Berkshire Hathaway Assurance
- Company type: Private
- Industry: Insurance
- Founded: December 2007; 18 years ago in Omaha, Nebraska, United States
- Key people: Sunil Khanna (Senior Vice President) Forrest Krutter (Senior Vice President) Kara Raiguel (Vice President) Brian Snover (Vice President)
- Owner: Berkshire Hathaway
- Parent: National Indemnity

= Berkshire Hathaway Assurance =

Bond insurance company

Berkshire Hathaway Assurance is a bond insurance company created by Berkshire Hathaway, Inc. in December 2007.

==History==
Berkshire created this government bond insurance company in December 2007 to insure municipal and state bonds. These type bonds are issued by local governments to finance public works projects such as schools, hospitals, roads, and sewer systems. BHA began insurance operations in New York, with plans to move on to California, Puerto Rico, Texas, Illinois, and Florida.
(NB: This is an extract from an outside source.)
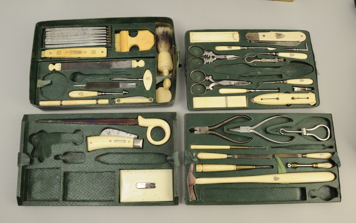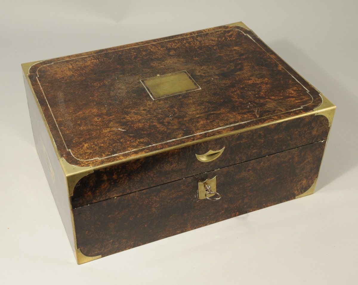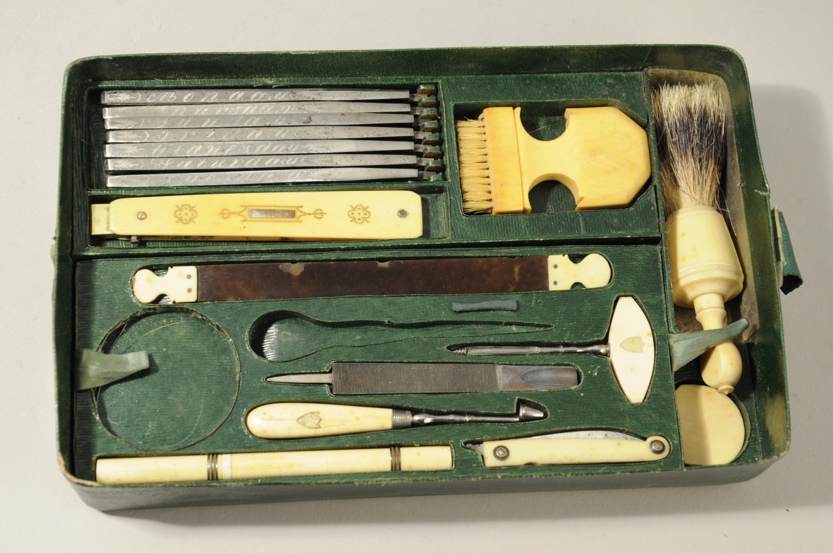 COFFRET NÉCESSAIRE de VOYAGE pour homme, dans un coffret de forme rectangulaire en loupe d'amboine à garnitures de laiton. L'intérieur gainé de maroquin vert. Il comprend un ensemble de quatre flacons et de trois boîtes de formes diverses en cristal godronné et couvercles et bouchons d'argent monogrammés "AN"; une boîte de forme ronde en argent, une petite boîte en ivoire, deux boîtes tubulaires en ébène et ivoire, un rince-oeil, un bougeoir, un porte-montre en maroquin et une brosse, le manche en ivoire. Une multitude d'accessoires en acier et ivoire répartis sur quatre plateaux comprenant notamment une scie, deux canifs, un carnet de visites, un couteau multifonctions, un cure-dents, deux paires de ciseaux, deux pinces, trois limes, deux tournevis, un marteau, un tire-bouchon, une plume, un blaireau, une brosse, un rasoir à sept lames interchageables, un affûteur... L'intérieur du couvercle pourvu d'un porte-documents et d'un miroir amovible (glace manquante).
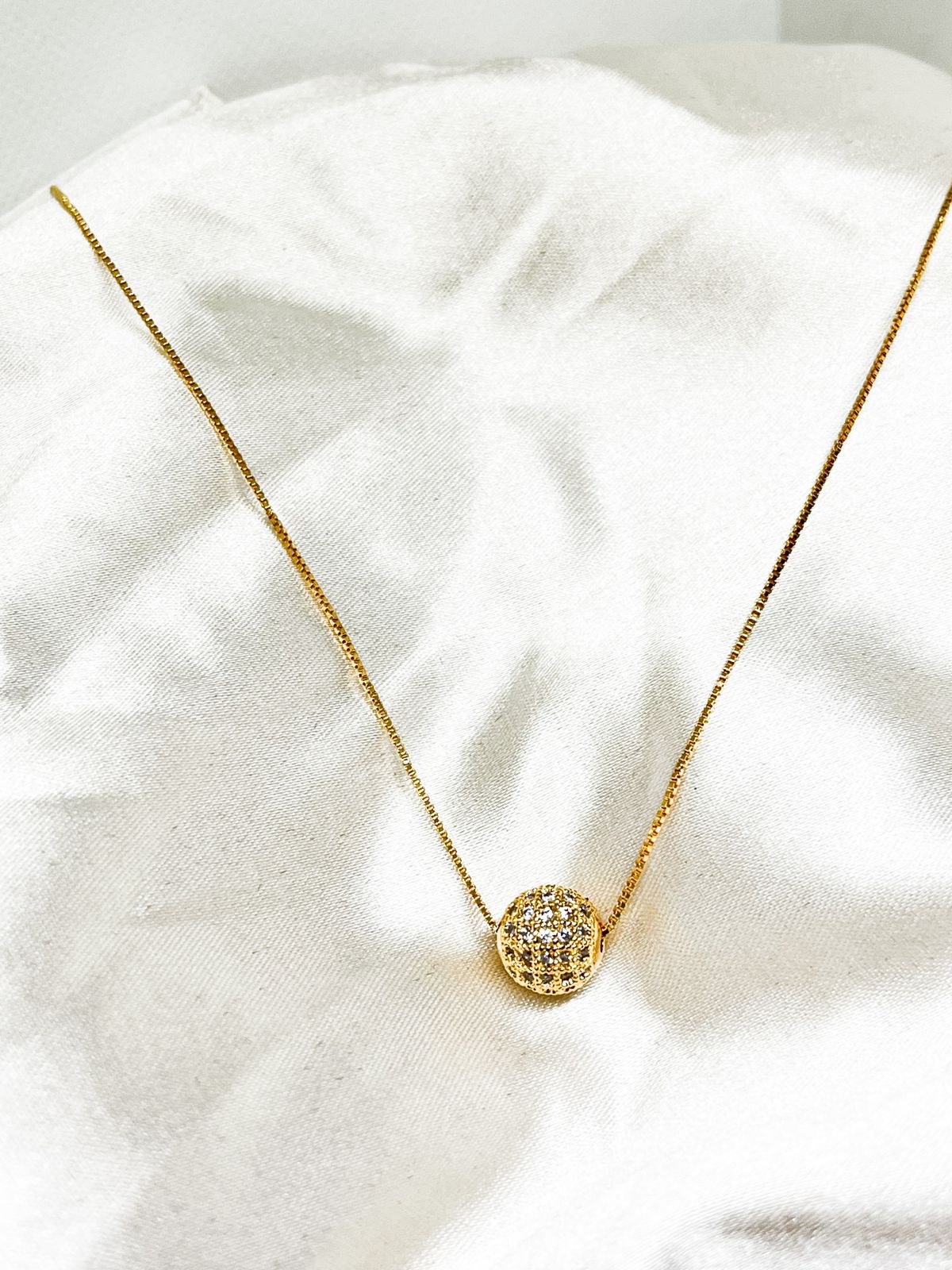 Este colar com bola cravejada é a definição de sofisticação e estilo. Com uma bola delicadamente cravejada de pedras brilhantes, ele é o toque perfeito para dar um charme extra ao seu look, seja para um evento especial ou para o dia a dia.

On February 12, 2008, Warren Buffett announced a plan to add up to $5 billion in capital to BHA to enable it to provide reinsurance on municipal bonds currently guaranteed by Ambac, MBIA, and Financial Guaranty Insurance Company. Buffet also announced BHA had closed its first deal to insure $50 million in debt for a 2% fee. In 2014, Moody's said its credit rating was Aa1. It also has a rating of AAA from S&P.